Paul Keim, Northern Arizona Univ, Flagstaff, Az

Anthrax - Molecular epidemiology and forensics from WGS and metagenomic sampling of complex specimens

  • The anthrax FBI investigation
  • B. anthracis strictly clonal, no evidence of LGT
  • Canonical SNPs (landmarks for naming)
  • Mutations causing phenotypic diffs all within markers
  • Outbreak of anthrax could take years to develop, and perhaps decades to detect
  • nASP (“pipelines are like elbows, everybody’s gotta have at least 2”), open source, ref-dependent (single or pan-genome), supports reads or assemblies, fast, scale linearly
  • Monsoon
  • ~12 000 SNPs, use for inclusion vs exclusion
  • “A clade”, out of Africa (10 000yrs ago)
  • eg anthrax and heroin users in Scotland
    • 200 suspected cases, 100 confirmed
    • 14 deaths
    • Scotland, England, Germany
    • using canonical SNPs, 2 Turkish isolates closest to Scottish drug user isolate
    • concluded that heroin contaminated during smuggling process → feds ran with idea, which turned out to be too strong
    • expanded European screening → PCR-based assay + bigger ref populations → 2 outbreaks!

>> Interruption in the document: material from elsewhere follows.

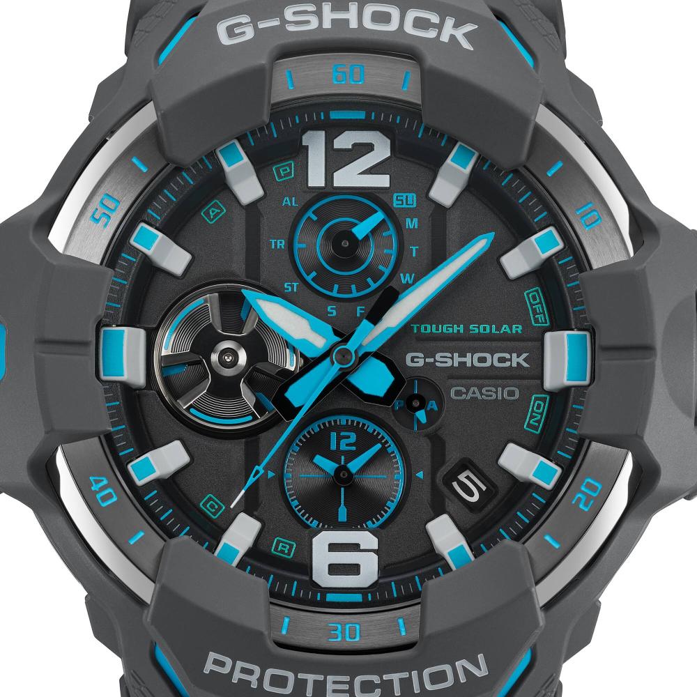 لا شيء مستحيل! نقدم طراز GRAVITYMASTER GR-B300، وهو قطعة من مجموعة G-SHOCK MASTER of G مستوحاة من معدات عالم الطيران الاحترافية والمصممة للعمل حتى في أقسى البيئات. يتميز GR-B300 ببنية حماية أساسية مصنوعة من الكربون، ويوفر مقاومة للصدمات والمتانة ومقاومة للتآكل التي توفرها مادة الكربون المستخدمة في هياكل الطائرات. يجتمع الهيكل المصنوع من الراتينج المعزز بألياف الكربون وتصميم الإطار السلس المستوحى من الجيل القادم من الطائرات في شكل جريء وقوي. تخيل العالم من خلال عيني الطيار مع وظيفة ذاكرة سجلات الرحلات لتسجيل الموقع والوقت الحاليين، بالإضافة إلى خاصية التوقيت المزدوج التي تعرض الوقت في منطقتين زمنيتين في آن واحد. بالإضافة إلى ذلك، ما عليك سوى النقر على التطبيق للتبديل الفوري بين التوقيت الأصلي والتوقيت المحلي، وهو وظيفة عملية لجعل السفر إلى الخارج أكثر سلاسة. تتميز علامات المؤشرات الكبيرة ذات الأبعاد والإطار المعدني الذي يبرز وجه الساعة الكبير بالفعالية، ما يعزز الرؤية المهمة جدًا للطيارين الذين تتطلب وظيفتهم قراءة الوقت بسهولة. يستخدم مؤشر القرص الدوار عند موضع الساعة 9 محركًا مزدوج الملف لضمان سلاسة الدوران وجمال الأداء. لا يدور المؤشر لعرض تشغيل/إيقاف المنبه وساعة الإيقاف فحسب، بل يعمل كمؤشر لمستوى البطارية أيضًا. يعكس مخطط اللونين الأبيض والأسود عالي التباين المنقط بلمسات ملونة على القرص والأزرار مظهر لوحة أدوات قمرة القيادة، بينما تعبر تدرجات الألوان الداكنة عن الوظائف العملية في عالم الطيران. صُنعت مكونات الراتينج الأساسية المستخدمة في الهيكل والإطار والسوار باستخدام الراتينج الحيوي، وهو مادة من المتوقع أنها تساعد على الحد من الأثر البيئي.

    • but injectional anthrax groups overlapped in time and space
    • req’d bilateral agreements → model collaborative project to get Germany to work with US (contracts in place)
  • Soviet Union weaponized spores in industrial complex (Sverdlovsk)
    • 1979 left most filters off production facility, rupturing remaining filters, sending out plume of spores
    • in violation of international treaties
    • US obtained fixed pathology samples from victims, PCR confirmed B. anthracis
    • how low can you go and still ID strains? normally 50-100x coverage, 20x, 10x, 1x (would result in 10 000 miscalled SNPs at 1x - only 12 000 known SNPs in species)?
    • WG - FAST (focus array SNP typing)
    • turns out 1x can be done! oly genotype SNPs you already know!
  • Placement confidence landscape (with E. coli, 270 genomes x 255 000 SNPS, phylogenetic position matters, only 500 SNPs req’d to place!)
  • can examine AMR to see if Russians using AMR strains → absolutely WT
  • Based on Monte Carlo resampling, need 500 SNPs to ID/place in tree with 95% accuracy
  • No culture? no problem with GOOD REF!!